It is widely known amongst psychiatrists that schizophrenia (SCZ) and bipolar disorder (BPD) share some clinic presentations. Psychotic symptoms such as delusion and hallucination are commonly seen in patients of SCZ and BPD. Additionally, both disorders share affective deficits (manic and depressive symptoms). Family studies have shown that both disorders have relatively high heritability, and genetic factors play a critical role in the manifestation of the disorders. It is also known that environmental factors have significant impacts on the development of the disorders. In recent years, there are many reports that the two disorders share some risk genes1-3. More recently, polygenic analyses have demonstrated that the two disorders share aggregated genetic liability across the genome4. However, the extent and identity of these shared genetic risks remain largely unknown.

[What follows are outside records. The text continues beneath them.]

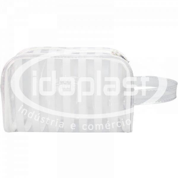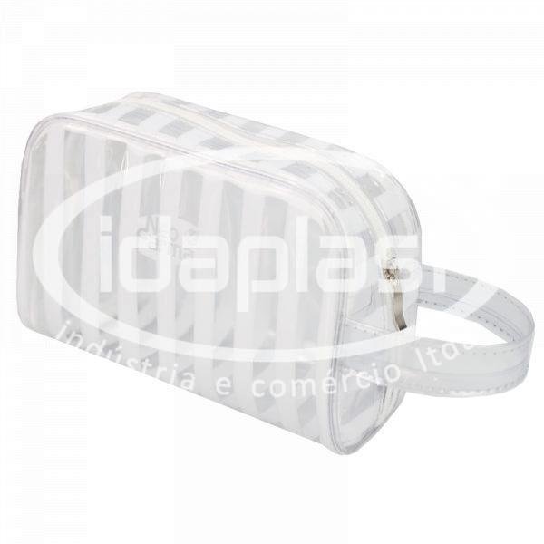 Necessaire plástica personalizada (fabricante IDAPLAST) com alça lateral e fechamento em zíper. Conta com cursor simples ou especial.
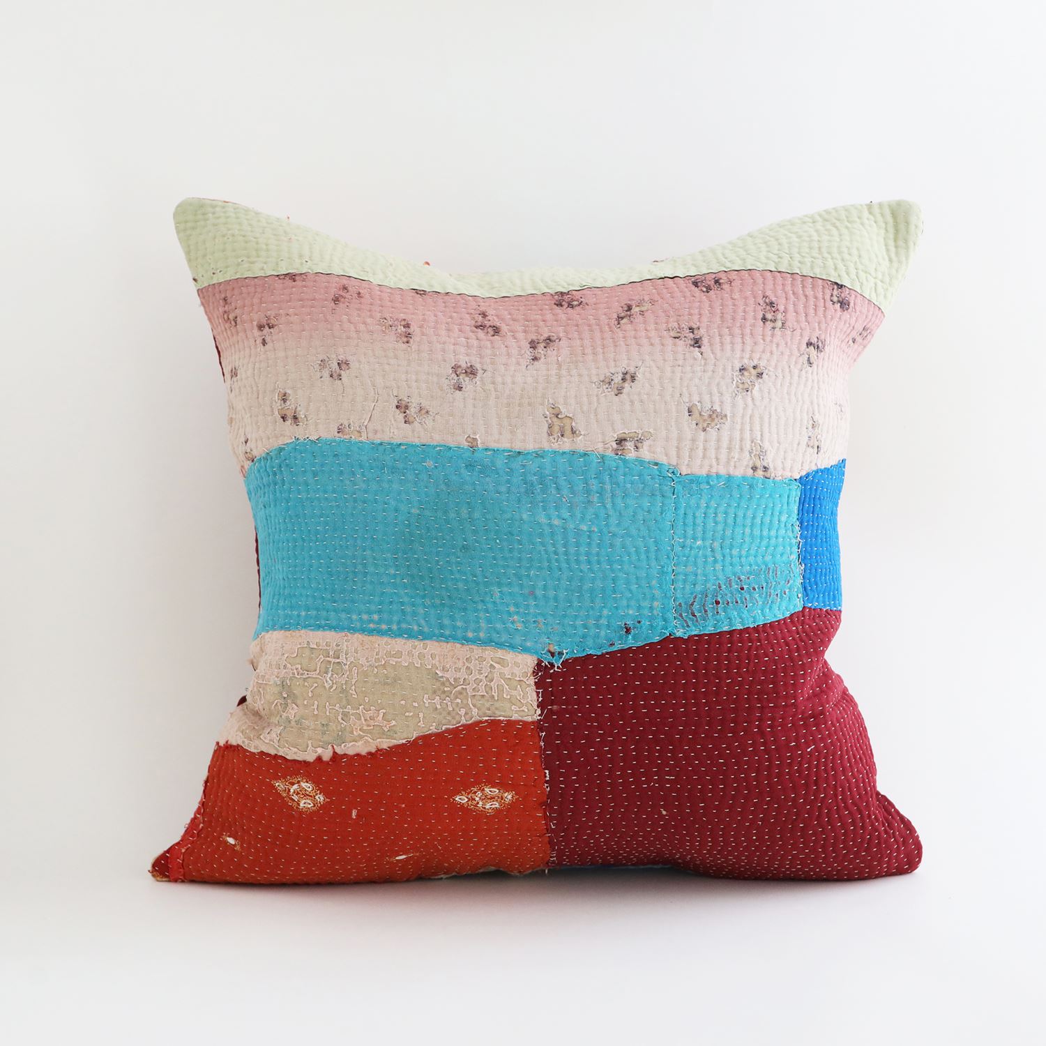 ラリーキルトを使ったクッションカバーです。ラリーキルトは、インド・パキスタンなどの中東アジアで、永い間受け継がれてきた伝統的な布です。古くなったサリーやデュパタ、腰布・古いハギレ等を貼り合わせてパッチワークし、丁寧に刺し子で合わせたもの。インダス河流域の遊牧民の家々では、嫁入り道具として母親から娘へ受け継がれています。気の遠くなるような作業を経て、わが子へ想いをこめて手渡します。一枚一枚に物語があって、何千年にも渡り母から娘へと伝えられる品。布の貼り合わせ方、刺し子の細やかさ、生地の厚みや柄など1つとして同じものはありません。丁寧にハンドメイドで作られているからこその味わいと魅力があります。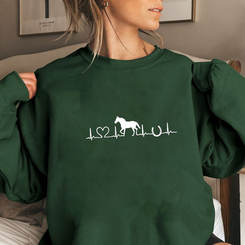 New Sweatshirt Heartbeat Horse Heart Fun Print Sweatshirt Pattern Round Neck Fashion Long Sleeve Top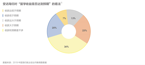 对于留学生来说,当初留学主要目的之一就是希望回国能够获得较高的收益回报。其中,受访海归中近四分之三的人认为留学收益能够达到预期。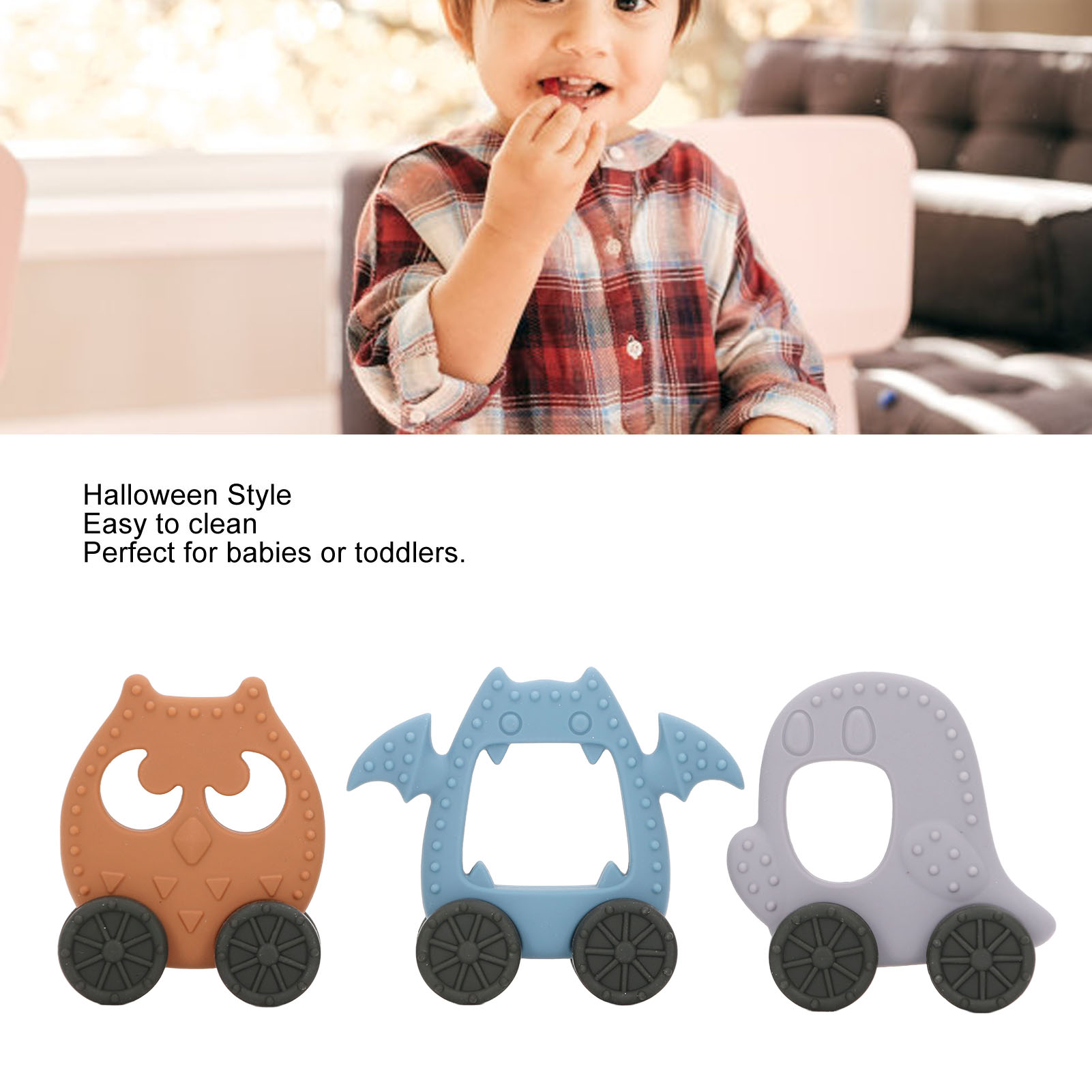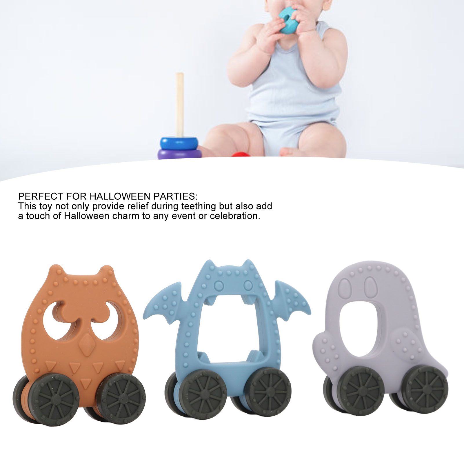 1、CREATION HALLOWEEN DESIGN: Turn teething time into a fun and memorable experience with these imaginative and child friendly Halloween themed teething toys. 2、EASY TO CLEAN: This toy can be easily cleaned using hot water or a steam washing. Simply rinse them under hot water or use a steam to ensure they are free from any harmful dirty. 3、SAFE SILICONE MATERIAL: This toy is made with food grade silicone (similar to pacifiers) and free from BPA. Its material can provide a safe and soothesoption for babies experiencing teething discomfort. 4、SUITABLE FOR BABIES: This toy is designed to be very suitable for both infants and toddlers, providing relief during teething stages, ensuring a safe and enjoyable teething experience. 5、PERFECT FOR HALLOWEEN PARTIES: This toy not only provide relief during teething but also add a touch of Halloween charm to any event or celebration.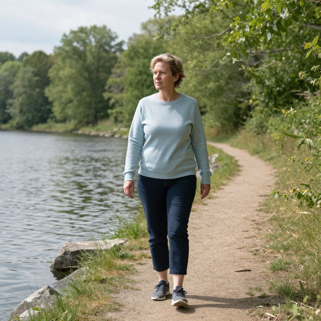 Photograph of a middle-aged woman with short brown hair, wearing a light blue sweater and dark blue pants, walking along a riverside path on a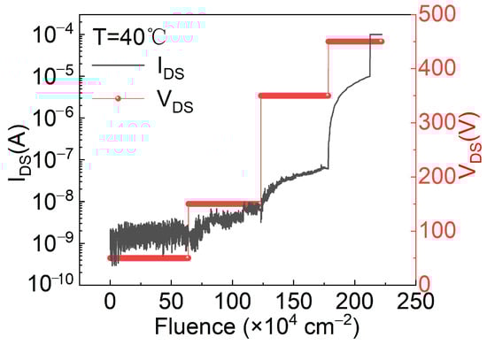 Figure 2 shows the changes in the gate current, drain current, and VDS of the SiC MOSFETs with respect to the irradiation time during the heavy ion irradiation experiment. The heavy ion injection rate in this round of experiments was 1.18 × 104 cm−2·s−1. As shown in the figure, when VDS < 300 V, the drain current of the device remains small and relatively stable, with minimal changes in VDS. Above VDS = 400 V, the drain current rapidly increases by three orders of magnitude, and when the voltage reaches VDS = 450 V, the drain current instantly spikes, leading to SEB.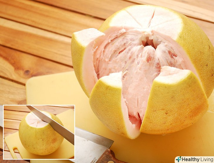 Відріжте "верхівку" одного кінця помело.ніж повинен зрізати близько 1,5 см шкірки.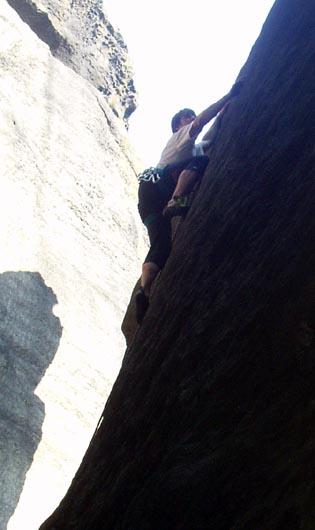 Ačkoliv šla většina lidí spát poměrně brzy, ráno se všichni váleli a moje hrůzné očekávání, že nás Lukáš začne v osm tahat ze spacáků, se nenaplnilo. Dokonce se válel déle než Tok a přiznal, že nam tom mrcasení něco je. I přes značnou opotřebovanost prstů a občasné dešťové přeháňky jsme nakonec vylezli asi pět nebo šest cest včetně výživného sedmičkového traverzu (který by si určitě zasloužil nějaké písmenko navíc) a vraždy VIIIc, kterou všichni oprasili co to dalo. Brto i Tok se nakonec vzmátožili a také začli lízt, přičemž Tok vytáhl jednu celkem nepříjemnou šestku.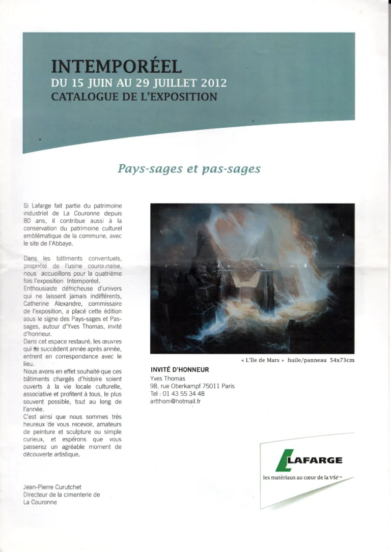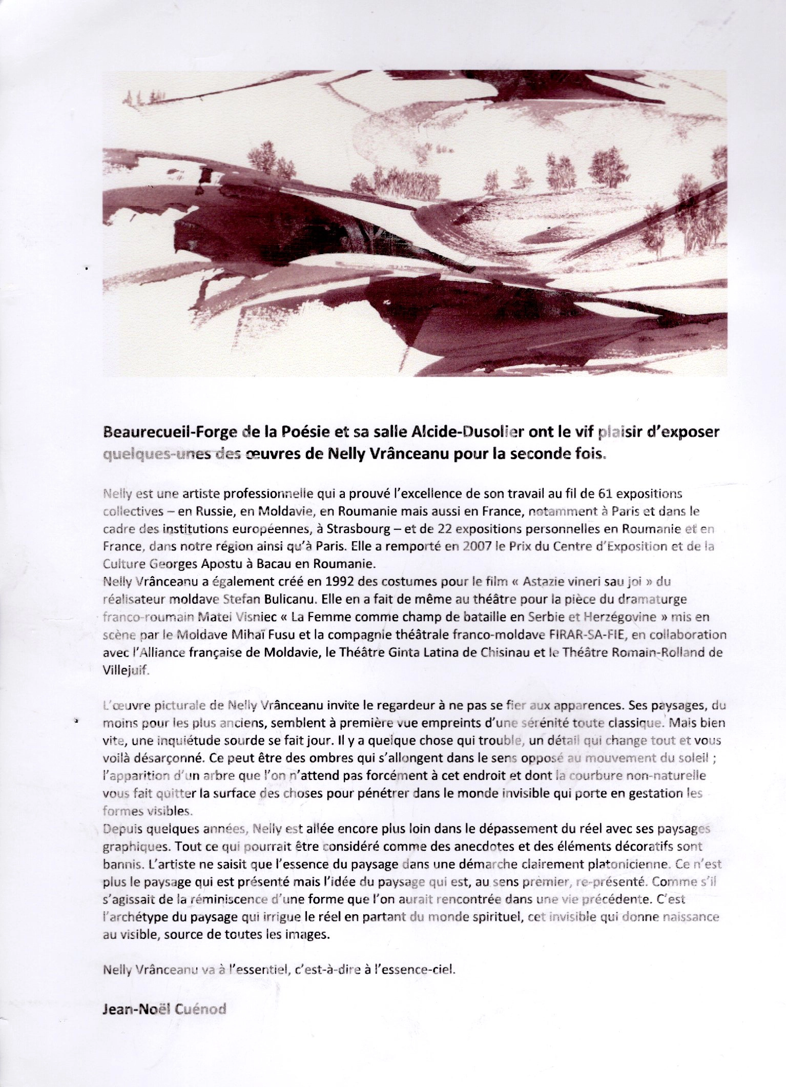 Nelly Vranceanu a participé à l’exposition « Intemporel » en 2012, une manifestation artistique autour du thème « Pays-sages et pas-sages », explorant différentes visions du paysage. Cet événement met en lumière son travail au sein d’un dialogue artistique entre patrimoine, nature et interprétation contemporaine.

Rapid advance in next generation sequencing technologies has made it feasible to conduct whole transcriptome (i.e., RNA-Seq) analysis of a large number of samples. In this study, we applied comparative RNA sequencing to postmortem brain tissues from 31 SCZ patients, 25 BPD patients, and 26 healthy controls. We performed expression analyses to identify differentially expressed genes for the two disorders, and examined if these differentially expressed genes for SCZ and BPD were correlated. Based on the correlation of these differentially expressed genes, we tested whether these genes were enriched in association signals using data from the Psychiatric Genomics Consortium (PGC) stage I genome wide association studies (GWAS) of both SCZ and BPD (https://www.nimhgenetics.org/). In these analyses, we found evidence that genes differentially and concordantly expressed between SCZ and BPD were enriched in association signals for both diseases. We conducted further analyses to investigate these concordantly and differentially expressed genes for enrichment of rare variants and biological pathways. From these analyses, we obtained independent evidence that SCZ and BPD shared multiple pathways in genetic liability.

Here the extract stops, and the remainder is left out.